На самом деле в отделах несколько дней хохотали над Бурым, в отделе которого на совещании у сотрудника от нервного напряжения внезапно повысилось давление. И с удовольствием рассказывали друг другу, как приехавшая врачиха, миловидная пичуга с гулькин нос, резко остановила Бурова, когда он попытался вмешаться во врачебный процесс и попросил по-быстрому обойтись «какой-нибудь там магнезией» и не срывать важного заседания: «Вы у себя командуйте, пожалуйста, а тут я – главная. На носилки больного – и быстро! Капельницу несите лучше.
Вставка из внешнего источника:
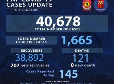 (Eagle News) — Over 100 more police personnel have tested positive for COVID-19. The Philippine National Police said the additional 145 cases pushed the total cases in the organization to 40,678. Of these, 1,665 were active. Recoveries rose to 38892 with the addition of 207 recoveries. The COVID-19 death toll in the PNP is at 121, with no additional deaths reported. The police are among the country’s frontliners amid the COVID-19 pandemic. President Rodrigo Duterte […]
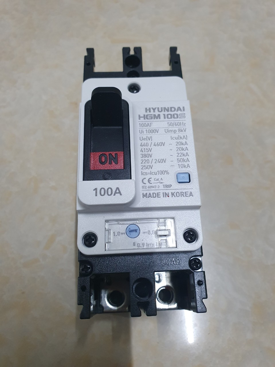12 Tháng ( theo quy định của nhà SX )MCCB HYUNDAI HGM100S-F 2P 100A 50kA

Раскомандовались тут!» – спасла тогда Стаси от развития инсульта Семёныча, а растерявшийся от наезда девчонки Буров послушно нёс капельницу за носилками.
– Да я давно всё усекла. Больше не буду нагружать. Но вообще правильно, что никого никуда заграницу не пускают отсюда. Да ведь?
– Почему?
– Потому. А вдруг сюда какой-нибудь проходимец пробрался, и тоже любит гулять и думать в одиночестве, просто так по вечерам, и наблюдать от скуки за всем подряд? – Леон офигевал от этой девчонки: «А что? Вполне себе возможен и такой вариант. Если уж она дважды два сложила – то много вам, товарищи, работы ещё предстоит с этими «сквозными», с пропусками-вездеходами и службами. И таблички на дверях… но это-то элементарно, такие мелочи. Сказать кому – оборжутся».
Танцы для Леона и Стаси закончились в тот день что-то слишком быстро. Народ шел сначала общей шумной толпой по улице, потом рассеялся. Стаси и Леон медленно шли и разговаривали просто так, ни о чём.
– Так ты тут скучаешь, значит?
– Иногда, редко очень. Обычно есть дела. И на дежурствах часто бываю в больнице, и так есть чем заняться. Читаю.
– Может, ты ещё и вышиваешь? – Леон ехидно улыбнулся.
– А что? Нельзя?
– Да вышивай себе на здоровье. Мне-то что?
– А откуда ты это узнал?
– Про вышиванье?
– Да.
–Так это элементарно, вот у тебя кончик среднего пальчика правой руки – Лео развернул её ладонь кверху с уже не выводимым, похоже, чернильным пятном от ручки на среднем пальце – весь в ковыряшках каких-то. Почему? Предположение: возможно иголка. Смотрим на левую руку, на указательный палец, вот сюда. И что мы видим? – Лео держал теперь её руку левую руку и чувствовал пульс на запястье.